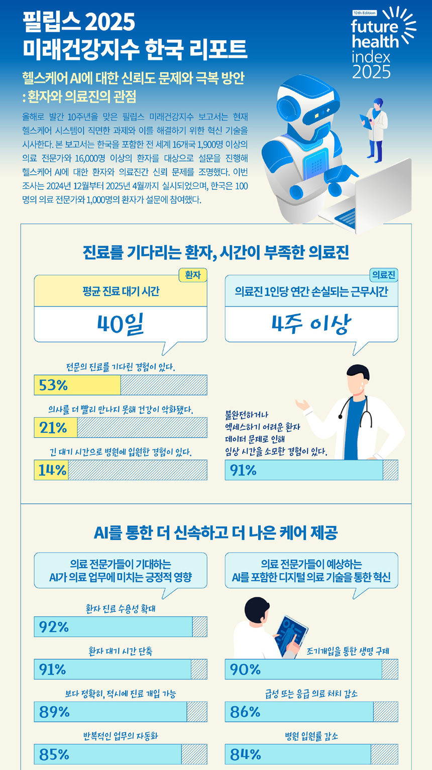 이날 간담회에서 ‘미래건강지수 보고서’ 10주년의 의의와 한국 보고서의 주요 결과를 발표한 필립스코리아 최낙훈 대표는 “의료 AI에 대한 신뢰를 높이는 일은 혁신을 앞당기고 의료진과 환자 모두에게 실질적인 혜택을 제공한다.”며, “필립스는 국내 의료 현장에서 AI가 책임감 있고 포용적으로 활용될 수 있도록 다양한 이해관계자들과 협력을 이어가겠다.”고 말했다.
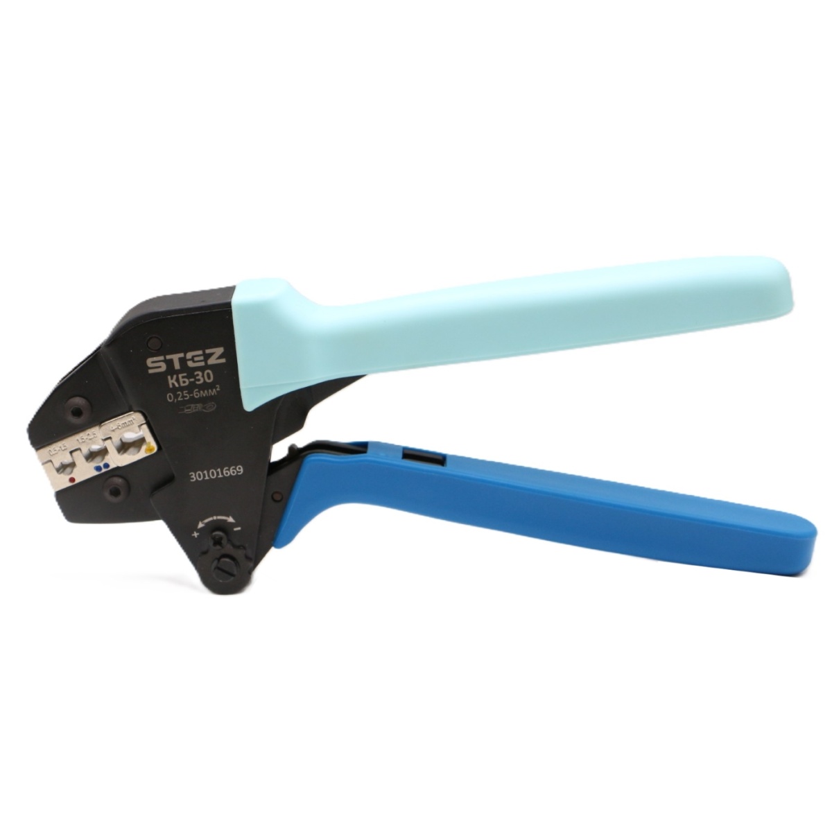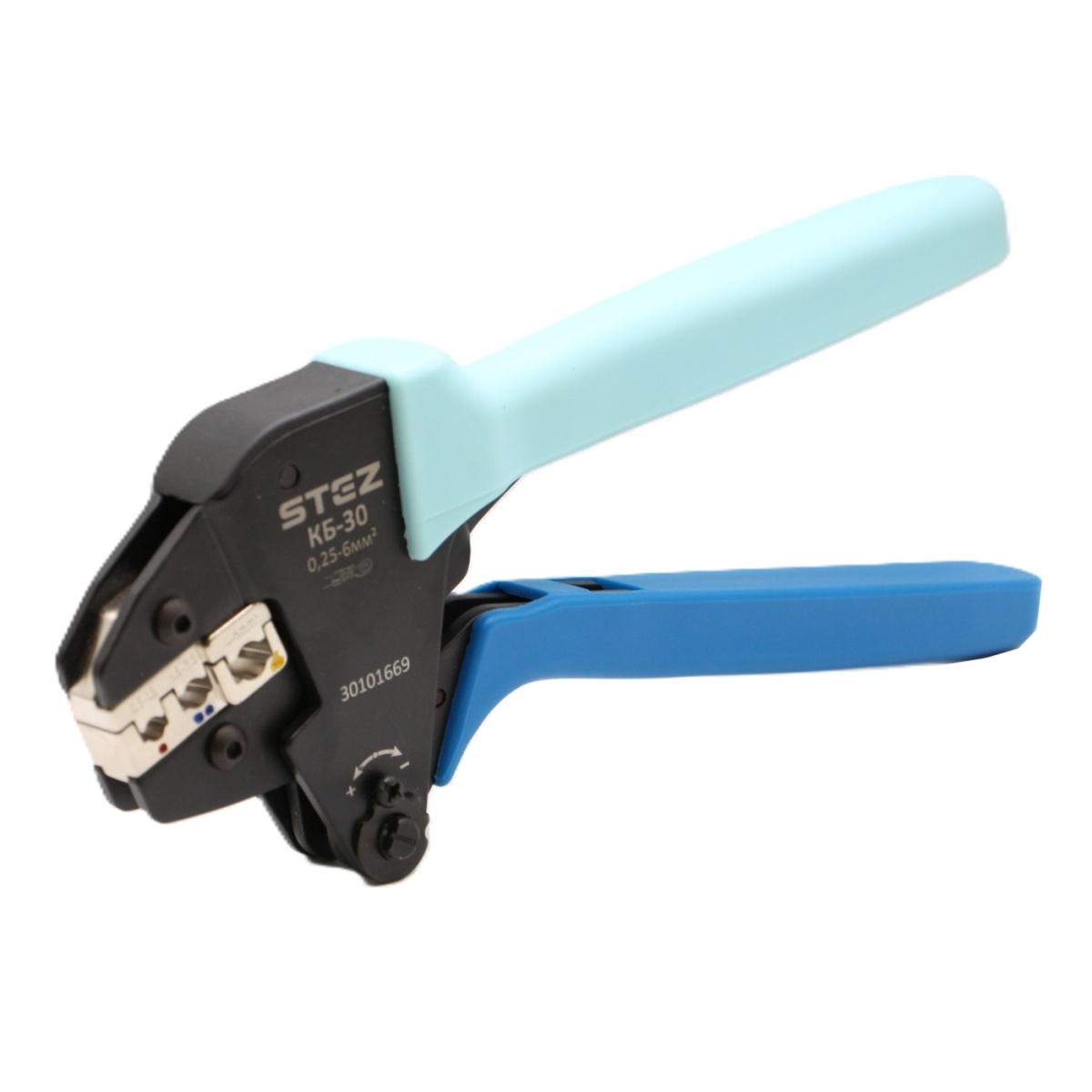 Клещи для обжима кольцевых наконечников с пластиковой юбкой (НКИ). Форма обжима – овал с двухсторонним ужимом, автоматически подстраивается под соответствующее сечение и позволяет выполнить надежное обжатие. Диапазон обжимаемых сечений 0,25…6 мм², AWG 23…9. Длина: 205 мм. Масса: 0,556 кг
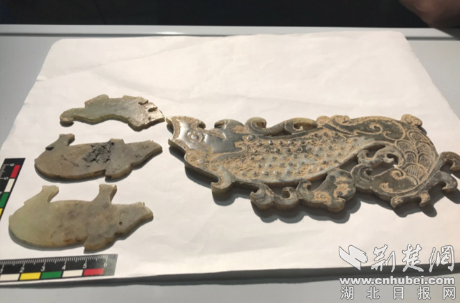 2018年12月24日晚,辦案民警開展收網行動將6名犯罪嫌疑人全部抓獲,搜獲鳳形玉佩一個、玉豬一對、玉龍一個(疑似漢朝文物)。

###

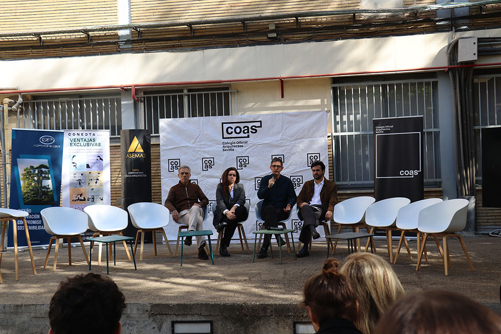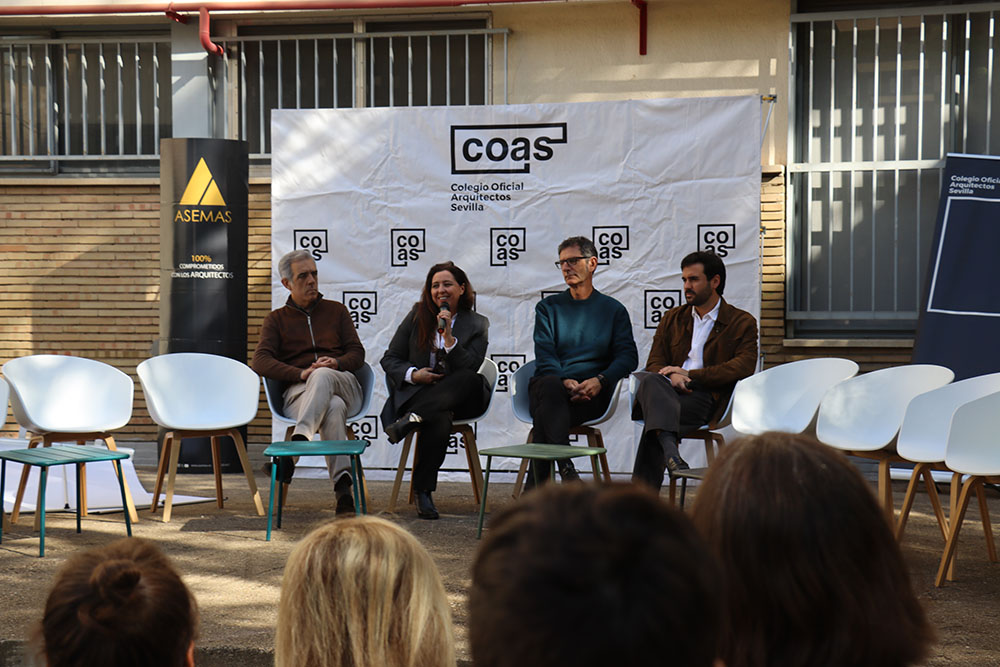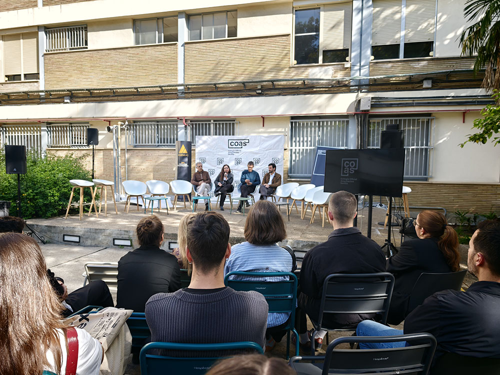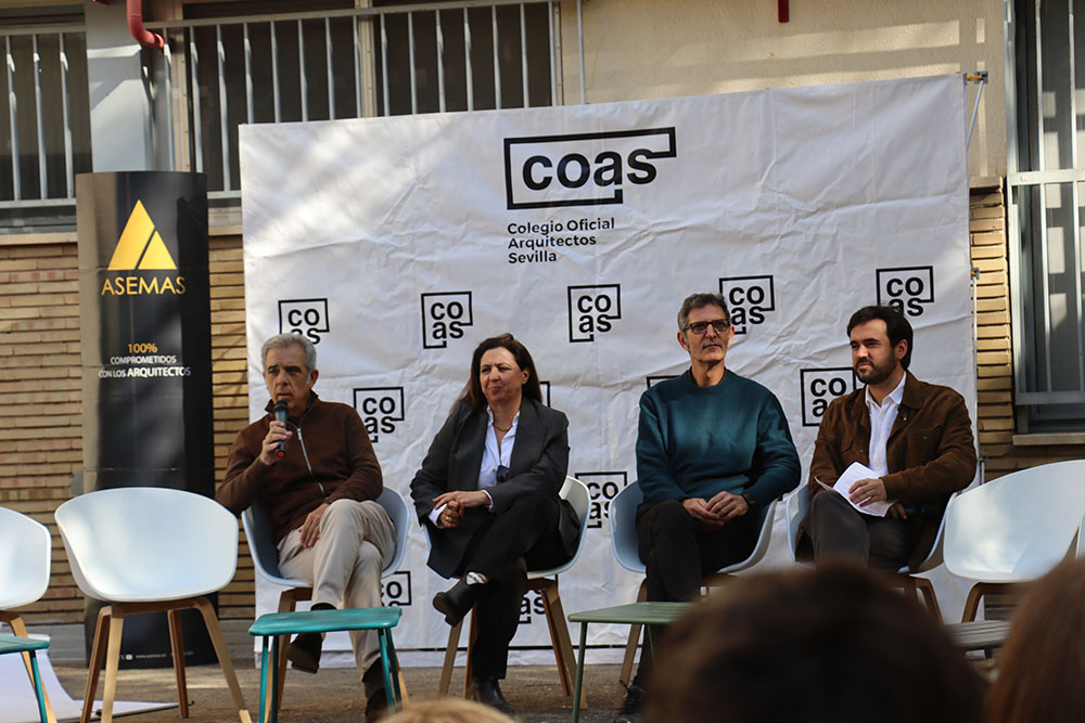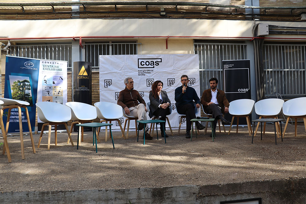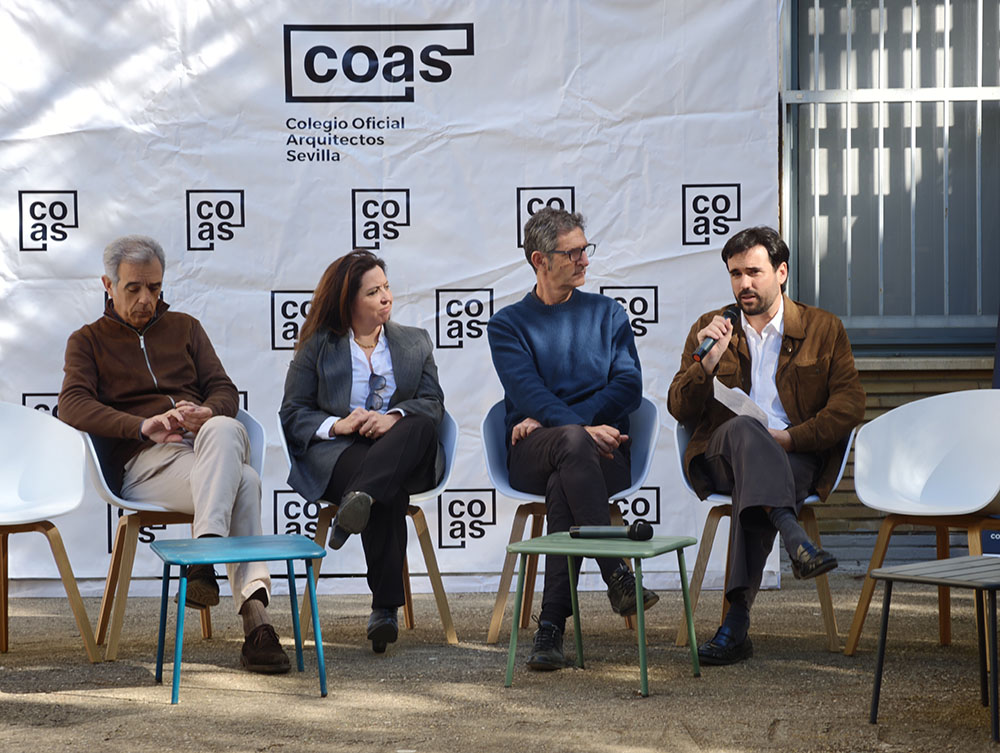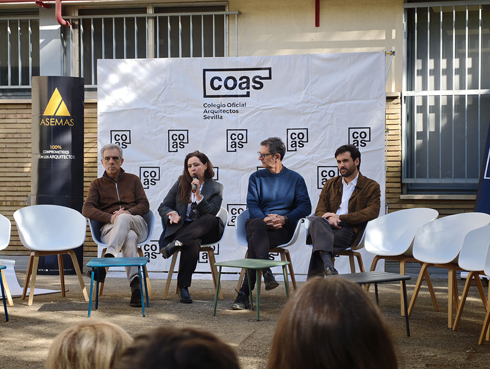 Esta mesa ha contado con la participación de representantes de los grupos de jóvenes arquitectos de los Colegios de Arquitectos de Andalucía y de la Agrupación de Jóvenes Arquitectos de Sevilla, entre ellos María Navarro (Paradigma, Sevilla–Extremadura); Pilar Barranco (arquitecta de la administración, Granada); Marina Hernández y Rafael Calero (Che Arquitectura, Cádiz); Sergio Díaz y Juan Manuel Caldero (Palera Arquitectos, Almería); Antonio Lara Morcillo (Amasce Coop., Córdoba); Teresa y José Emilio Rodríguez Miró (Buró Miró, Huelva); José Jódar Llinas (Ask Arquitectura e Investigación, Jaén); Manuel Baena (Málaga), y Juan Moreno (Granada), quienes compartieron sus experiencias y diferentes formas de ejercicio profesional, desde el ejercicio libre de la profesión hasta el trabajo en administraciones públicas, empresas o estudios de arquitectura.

###

Your task:
Exact copy, pictures excluded: every line above from the one containing "이날 간담회에서 ‘미래건강지수" to the one containing "2018年12月24日晚,辦", inclusive, and nothing more.

Task response:
 이날 간담회에서 ‘미래건강지수 보고서’ 10주년의 의의와 한국 보고서의 주요 결과를 발표한 필립스코리아 최낙훈 대표는 “의료 AI에 대한 신뢰를 높이는 일은 혁신을 앞당기고 의료진과 환자 모두에게 실질적인 혜택을 제공한다.”며, “필립스는 국내 의료 현장에서 AI가 책임감 있고 포용적으로 활용될 수 있도록 다양한 이해관계자들과 협력을 이어가겠다.”고 말했다.
 Клещи для обжима кольцевых наконечников с пластиковой юбкой (НКИ). Форма обжима – овал с двухсторонним ужимом, автоматически подстраивается под соответствующее сечение и позволяет выполнить надежное обжатие. Диапазон обжимаемых сечений 0,25…6 мм², AWG 23…9. Длина: 205 мм. Масса: 0,556 кг
 2018年12月24日晚,辦案民警開展收網行動將6名犯罪嫌疑人全部抓獲,搜獲鳳形玉佩一個、玉豬一對、玉龍一個(疑似漢朝文物)。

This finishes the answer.